わたせ:当時はさまざまな音楽を聴きながら制作しましたよ。午前中はジャズのインストゥルメンタルやボサ・ノヴァをよく聴いていました。シティ・ポップが流行っていた80年代当時は、常に街の中で音楽が聴こえてくる、僕の絵で言うと「街に音符が流れている」ような時代でしたね。大滝詠一さんや佐野元春さん、山下達郎さん、奥さんの竹内まりやさん、ユーミン(松任谷由実)の音楽なんかがよく流れていて。みんながエネルギーを持っていましたよね、いろいろなものが前へ前へ向いていた時代でした。いまシティ・ポップの再ブームが来たというのは、やはりアナログだからなんでしょうね。

──当時は、録音技術もアナログでしたし、再生するレコードやカセットテープなどのメディアもアナログですから、今の世の中で流れている音楽とはまったく違う音だった記憶があります。

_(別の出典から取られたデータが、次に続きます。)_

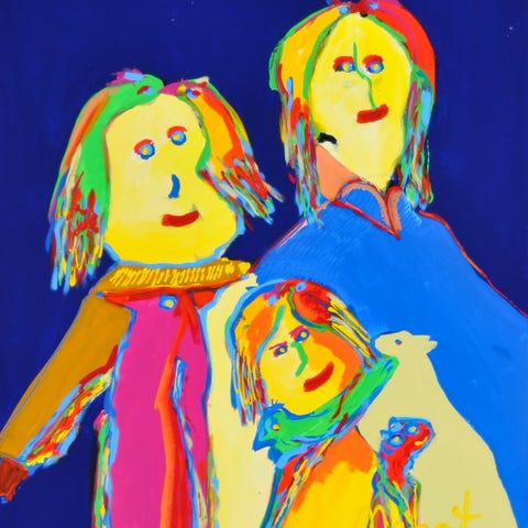 Peder Meinert født 1951 cd. Akryl på lærred. Komposition. "Mit hjerte brænder for Afrika" Sign. Meinert. Mål: 80 x 70 cm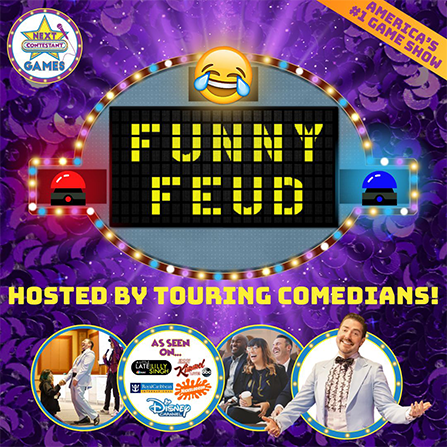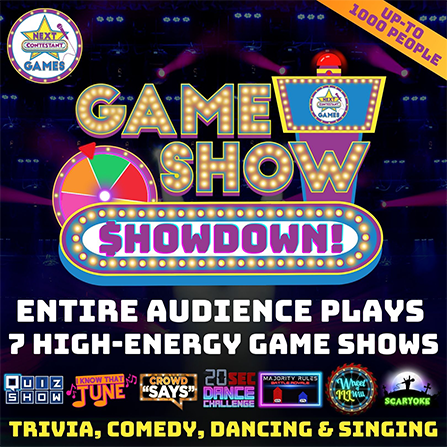 Just like America's Favorite Game Show, we've got the craziest questions to keep everyone guessing. Plus the WHOLE AUDIENCE GETS TO PLAY our contestant-selector Game Shows. And with a professional comedian on the mic, survey says: it's always a HIT! Includes: The Feud, Majority Rules, and Trivia Time. (up to 1000 people)

わたせ:今の音楽は、みんなコンピュータの打ち込みでしょう。YMO(イエローマジックオーケストラ)なんか、逆にコンピュータに近づけようと、人間が一生懸命に汗かいてやっていたじゃないですか。途中でデータが飛んでしまったり、演奏中の息づかいとか、ミスタッチとか、あれがいいんですよね。どこか人間らしさ、温かさがありましたから。そういった部分に惹かれるんじゃないでしょうか。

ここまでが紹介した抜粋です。